Pourquoi il n'y a que des meurtres dans les séries françaises

'Capitaine Marleau' est la fiction qui a réalisé le plus d'audience en 2017

'Capitaine Marleau' est la fiction qui a réalisé le plus d'audience en 2017 - France 3 Pierre Vicarini

Le genre policier représente la moitié des fictions diffusées sur les chaînes publiques. Pour des raisons d'audience, mais pas seulement. Enquête.

"France Télévisions doit expérimenter plus d'audace dans les formats et les programmes. Le genre policier représentent 50% de ses fictions, et même 90% sur France 3. Cela fait monter un sentiment d'insécurité. Surtout, c'est comme si on allait toujours au même restaurant. En France, on manque de fiction jeunesse, ou pour adolescents. Et les fictions historiques ont disparu".

Tel est le coup de gueule lancé mercredi 17 octobre par Sophie Deschamps, présidente de la société des auteurs SACD. Un producteur confirme: "je propose un tas de genres, mais France Télévisions ne prend que des polars, contrairement aux autres chaînes".

Ceci est corroboré par le dernier rapport du CSA (Conseil supérieur de l'audiovisuel) sur France Télévisions:

"En 2017, France Télévisions avait indiqué vouloir diversifier les genres de fictions produites (de la comédie à la science-fiction), aller vers des écritures 'plus audacieuses'. La traduction concrète de cette ambition reste à ce jour limitée.
La plupart des fictions demeurent cantonnées au registre policier et ne permettent pas de marquer une réelle différence avec l'offre des chaînes privées.
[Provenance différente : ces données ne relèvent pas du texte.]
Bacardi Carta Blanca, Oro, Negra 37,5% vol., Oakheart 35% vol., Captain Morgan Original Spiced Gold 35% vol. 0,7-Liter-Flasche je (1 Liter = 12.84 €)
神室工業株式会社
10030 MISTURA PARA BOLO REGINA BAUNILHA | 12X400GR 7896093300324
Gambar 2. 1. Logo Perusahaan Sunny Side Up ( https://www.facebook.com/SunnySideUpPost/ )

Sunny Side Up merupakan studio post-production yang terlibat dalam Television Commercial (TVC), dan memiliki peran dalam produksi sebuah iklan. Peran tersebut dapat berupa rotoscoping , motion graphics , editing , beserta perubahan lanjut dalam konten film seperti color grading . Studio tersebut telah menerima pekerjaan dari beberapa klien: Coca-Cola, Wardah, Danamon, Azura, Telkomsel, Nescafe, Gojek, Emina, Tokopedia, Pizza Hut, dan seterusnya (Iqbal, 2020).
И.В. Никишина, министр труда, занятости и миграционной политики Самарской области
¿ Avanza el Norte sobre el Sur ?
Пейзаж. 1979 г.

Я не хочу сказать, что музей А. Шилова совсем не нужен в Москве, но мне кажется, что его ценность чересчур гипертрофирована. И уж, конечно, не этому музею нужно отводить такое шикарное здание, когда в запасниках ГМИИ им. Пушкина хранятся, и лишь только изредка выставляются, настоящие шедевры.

De 20h30 à 23 heures, presque la moitié des fictions sur l’ensemble des antennes relèvent du genre policier ou d’espionnage.
La domination du registre policier laisse trop peu de place à des propositions plus originales et innovantes.
L’offre se caractérise par une trop timide diversification de ses thématiques et de ses écritures
France Télévisions doit moderniser son offre afin de la rendre plus innovante sans abandonner les adaptations littéraires, vecteur de culture après du grand public".

Audience à tout prix?

L'explication est simple: les audiences du polar sont bonnes. L'an dernier, la meilleure audience de fiction toutes chaînes confondues a été un épisode de Capitaine Marleau sur la Trois, avec 7,7 millions de téléspectateurs. Sur la Deux comme sur la Cinq, les meilleures audiences de fiction de l'année ont été des épisodes des Petits meurtres d'Agatha Christie. Sur France 4, la palme revient à un épisode de l'américain Cold case. Même sur France Ô, la fiction qui a fait le plus d'audience a été Meurtres en Martinique.
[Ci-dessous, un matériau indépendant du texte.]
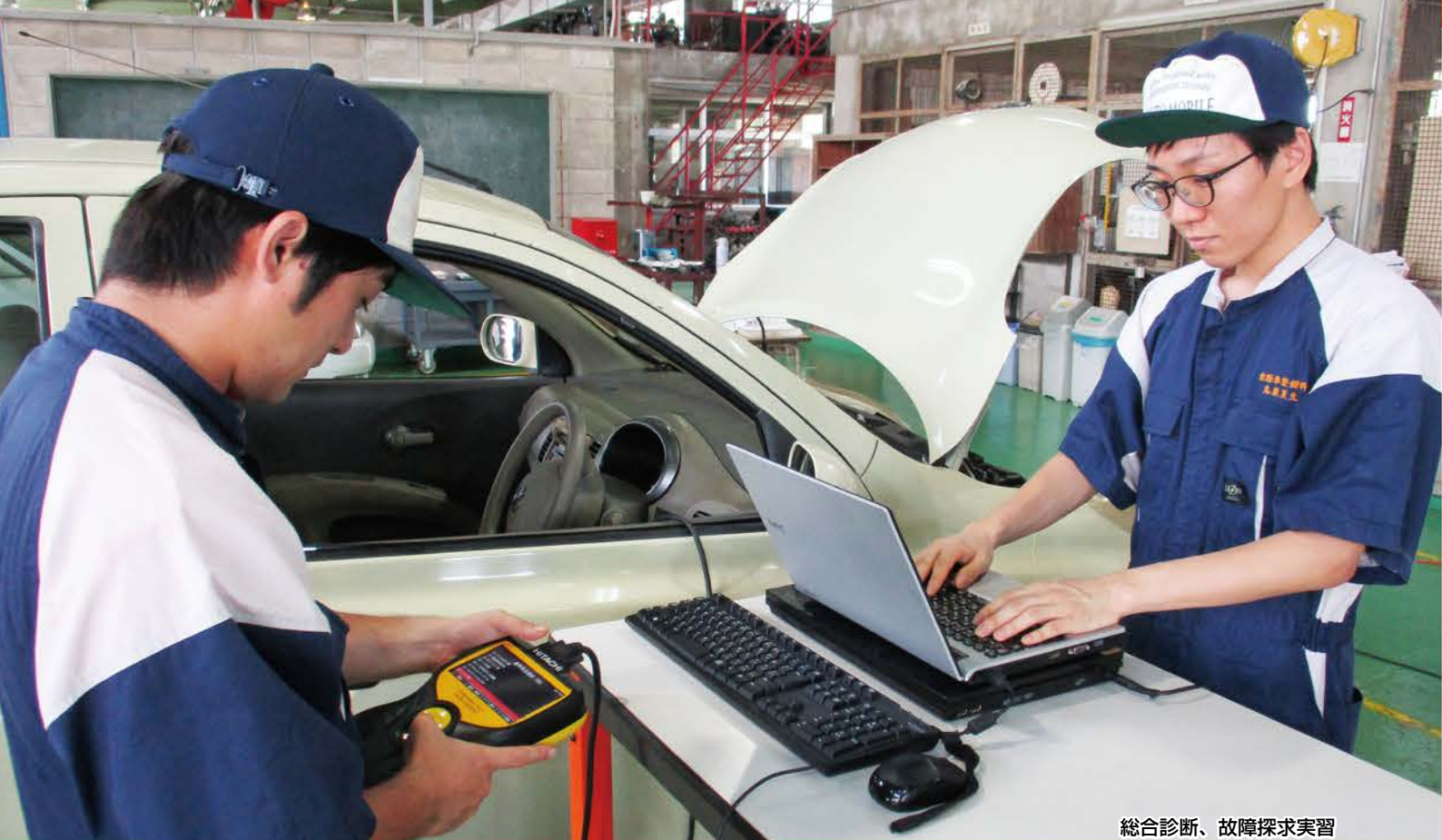
総合診断、故障探求実習
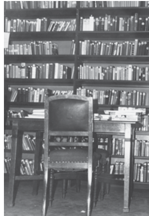
Links: de uitleentafel en rechts zelfs boeken in de bedstede. (1972)
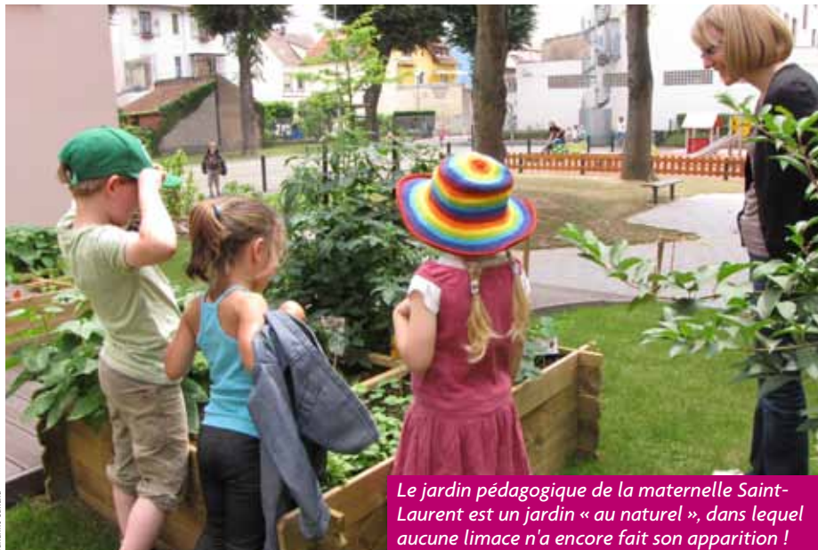
Le jardin pédagogique de la maternelle Saint-Laurent est un jardin « au naturel », dans lequel aucune limace n'a encore fait son apparition !

Niché dans un coin de la cour de récréation de l'école Saint-Laurent, un adorable potager en carrés fleurant bon la menthe exhibe fièrement radis, tomates, haricots et fraises. Il a deux mois d'existence à peine, et il fait déjà la fierté des trois classes de maternelle. C'est le dernier-né des jardins pédagogiques développés ces dernières années par les écoles bischheimois.
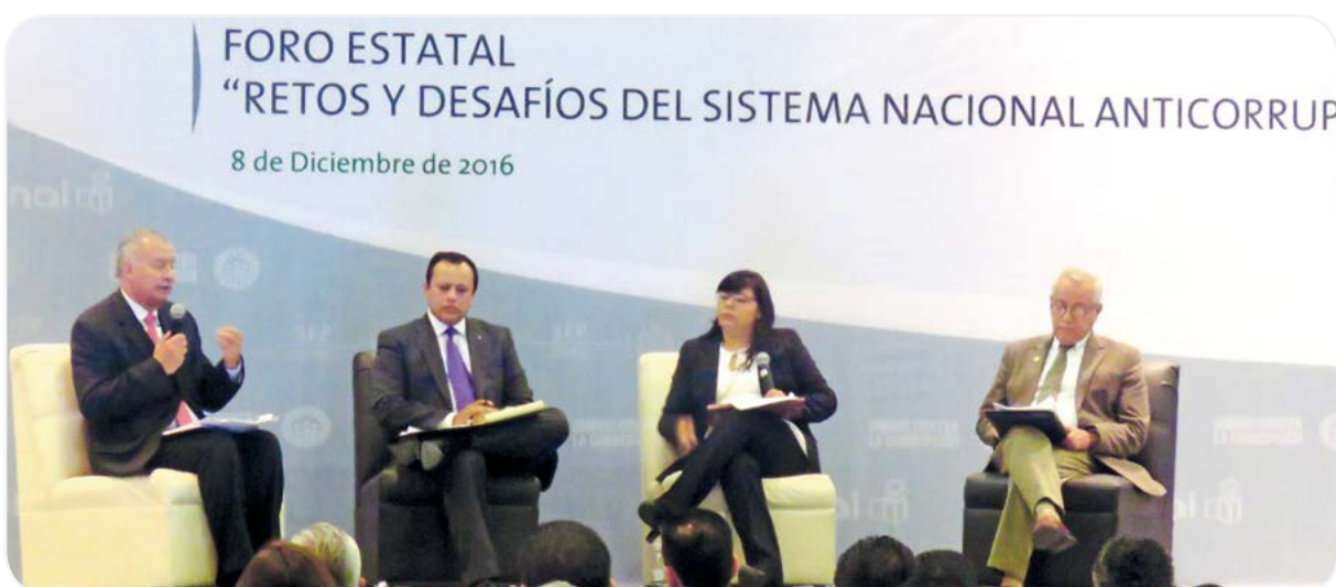
Foro Estatal Sistema Nacional Anticorrupción.

San Luis Potosí pasó de ser en 2013 primer lugar nacional en experiencias de corrupción, a ser el lugar 25 en 2015
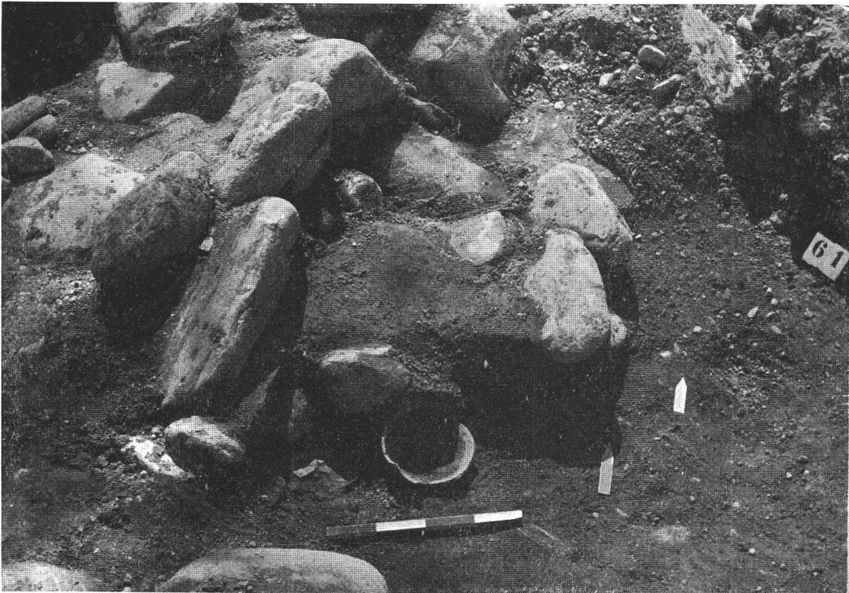
Fig. 4: Tomba n. 6: Grossi ciottoli giacciono sopra i vasi. Le frecce indicano la posizione delle monete e della fibbia. (Da nord-ovest)

una bellissima fibbia di ferro, la quale giaceva al sommo della tomba, direttamente sotto la lastra di copertura (fig. 10). Delle 30 sepolture esplorate 9 erano certamente a cremazione, frammiste a quelle a inumazione. Tutt'e due i tipi di sepolcro contenevano reperti chiaramente romani, e devono essere collocati fra il 30 e il 120 d. Cr. Contammo 9 tombe indubbiamente a inumazione. Solo l'esame approfondito del contenuto dei vasi e del materiale che le riempiva potrà dimostrare se nelle altre tombe si trovano tracce di salme cremate. Alcune tombe formate da muretti di ciottoli e coperte con lastre non contenevano tracce di corredo funebre: è difficile dire se vi siano stati tolti degli oggetti d'ornamento o se si tratti invece di tombe di gente tanto povera da non avere nemmeno il minimo corredo funebre. In altri casi neppure l'indagine accurata permise di stabilire se una pietra di copertura era posta sopra un piccolo incavo per lo scheletro di un bambino (tombe infantili) o se copriva una depressione nella quale erano penetrati dei ciottoli da ambo i lati. In simili casi non restava che ricorrere all'indagine geochimica.

C'est aussi vrai sur les chaînes privées. Sur TF1 par exemple, la palme est détenue par un épisode de Section de recherches. Mais c'est aussi vrai à l'étranger. En Grande-Bretagne, en Allemagne ou en Italie, ce sont aussi des polars qui arrivent en tête des audiences de l'année, avec respectivement Sherlock, Tatort et Commissaire Montalbano, relève une étude du CNC. "Mais d'autres genres peuvent faire de bonnes audiences, comme le montrent Dix pour cent, les Bracelets rouges ou Good doctor", pointe un autre producteur.

Sophie Deschamps fulmine: "On s'est pris quelques bides d'audience avec des fictions historiques, donc on les a supprimés".

Explications internes

Mais il y a aussi d'autres explications internes. D'abord, un retour de bâton par rapport au passé, notamment la présidence de Patrick de Carolis, qui avait mis à l'antenne beaucoup de fictions en costumes (Chez Maupassant...). Ses prédécesseurs ont donc ensuite voulu diminuer leur part.

Dernière explication: les rivalités internes au sein de France Télévisions. "France 3 a longtemps été interdit de polar, et donc maintenant se rattrape", explique un ancien dirigeant.